__Records contained in a dataset__
=-=-=-=-=

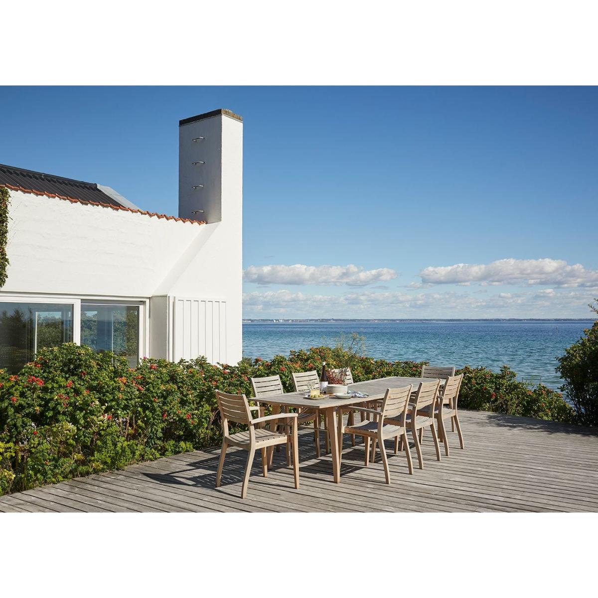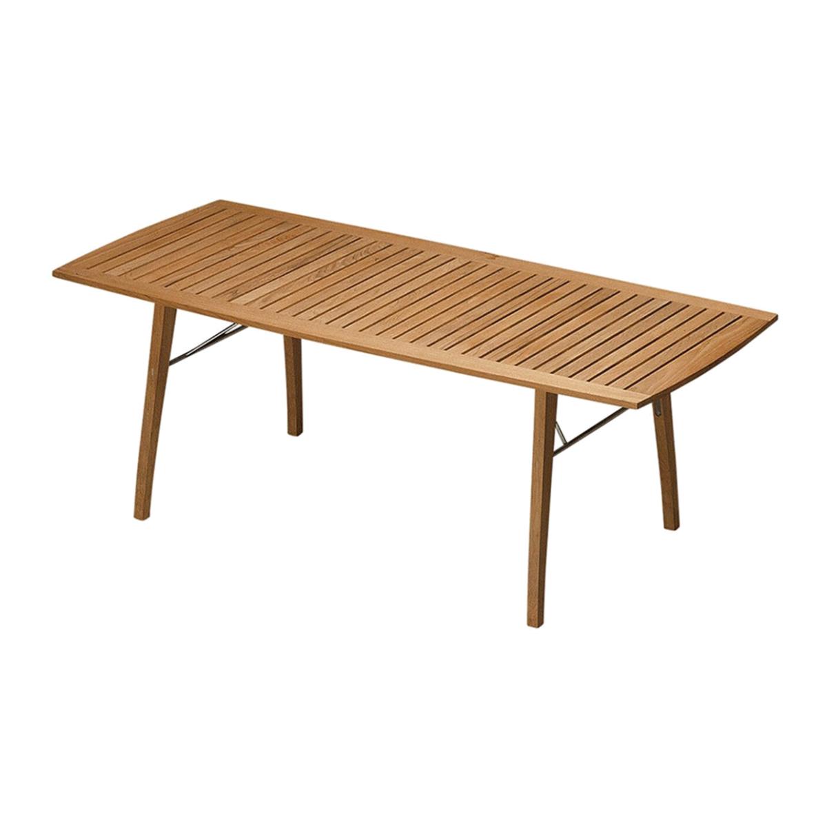 I’m a fan of the Ballare table for its simple, slatted teak top and slim, tapered legs - it brings warmth without overwhelming a space. It suits both contemporary and Scandi-inspired interiors, indoors or on a sheltered terrace, thanks to its natural finish and clean profile. For styling, I’d keep accessories minimal: a neutral linen runner, a couple of earthenware pots with trailing greenery and slender ceramic candleholders. If you need more colour, introduce cushions or a rug in muted tones rather than bold prints, so the table remains the focal point.
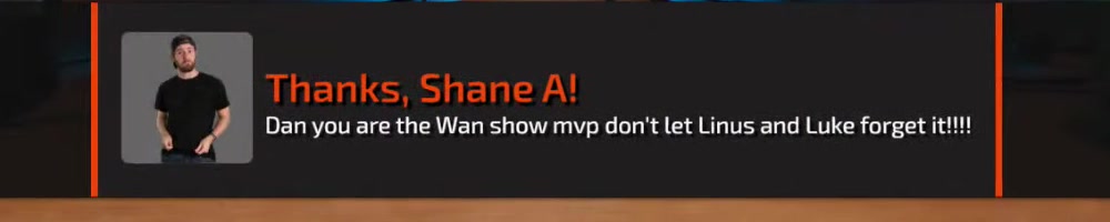 Dan you are the Wan show mvp don't let Linus and Luke forget it!!!!
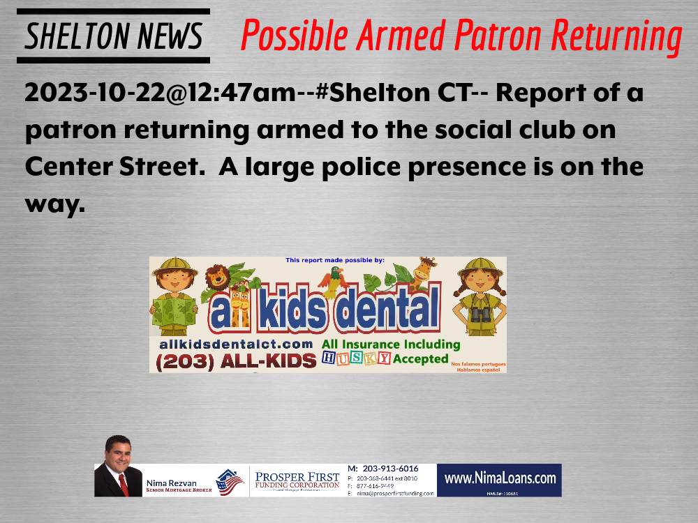 2023-10-22@12:47am–#Shelton CT– Report of a patron returning armed to the social club on Center Street. A large police presence is on the way.
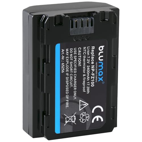 Blumax batteri kompatibelt med Sony NP-FZ100 | – 2 400 mAh NTC-sensor och V1-hölje – | för Alpha 9 III A9/A7C A7 III – IV // A1 6700 FX30 ZV-E1
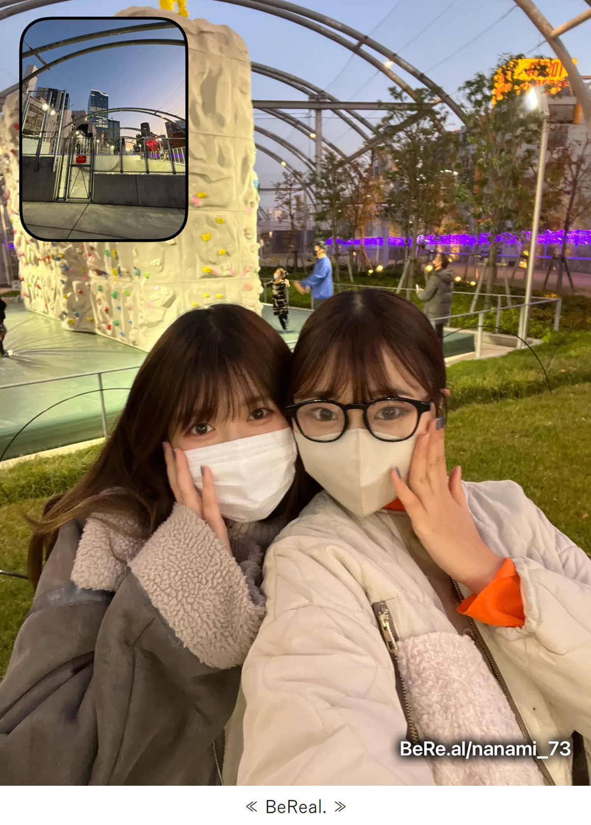 1日1回、特定の時刻に届く通知から写真をその場で撮影し、投稿するSNS。「加工しない」ありのままの姿を友人に共有できることで、リアルな自分の生活を共有し合えることが魅力です。他のSNSと異なり、加工機能がないため、リアルな「盛れない写真」を共有するSNSであることから、等身大の自分を共有できる相手とだけの繋がりを楽しんでいます。
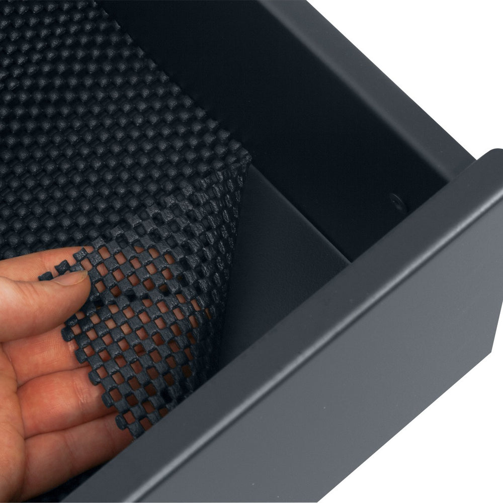 Non-slip perforated drawer mat measures 14 in. x 15.50 in. This mat is also included in UDP Series rack drawers.

=-=-=-=-=

__EXERCISE OBJECTIVE__
Restate the entries above word for word, and keep the pictures out.

__ANSWER SPACE__
 I’m a fan of the Ballare table for its simple, slatted teak top and slim, tapered legs - it brings warmth without overwhelming a space. It suits both contemporary and Scandi-inspired interiors, indoors or on a sheltered terrace, thanks to its natural finish and clean profile. For styling, I’d keep accessories minimal: a neutral linen runner, a couple of earthenware pots with trailing greenery and slender ceramic candleholders. If you need more colour, introduce cushions or a rug in muted tones rather than bold prints, so the table remains the focal point.
 Dan you are the Wan show mvp don't let Linus and Luke forget it!!!!
 2023-10-22@12:47am–#Shelton CT– Report of a patron returning armed to the social club on Center Street. A large police presence is on the way.
 Blumax batteri kompatibelt med Sony NP-FZ100 | – 2 400 mAh NTC-sensor och V1-hölje – | för Alpha 9 III A9/A7C A7 III – IV // A1 6700 FX30 ZV-E1
 1日1回、特定の時刻に届く通知から写真をその場で撮影し、投稿するSNS。「加工しない」ありのままの姿を友人に共有できることで、リアルな自分の生活を共有し合えることが魅力です。他のSNSと異なり、加工機能がないため、リアルな「盛れない写真」を共有するSNSであることから、等身大の自分を共有できる相手とだけの繋がりを楽しんでいます。
 Non-slip perforated drawer mat measures 14 in. x 15.50 in. This mat is also included in UDP Series rack drawers.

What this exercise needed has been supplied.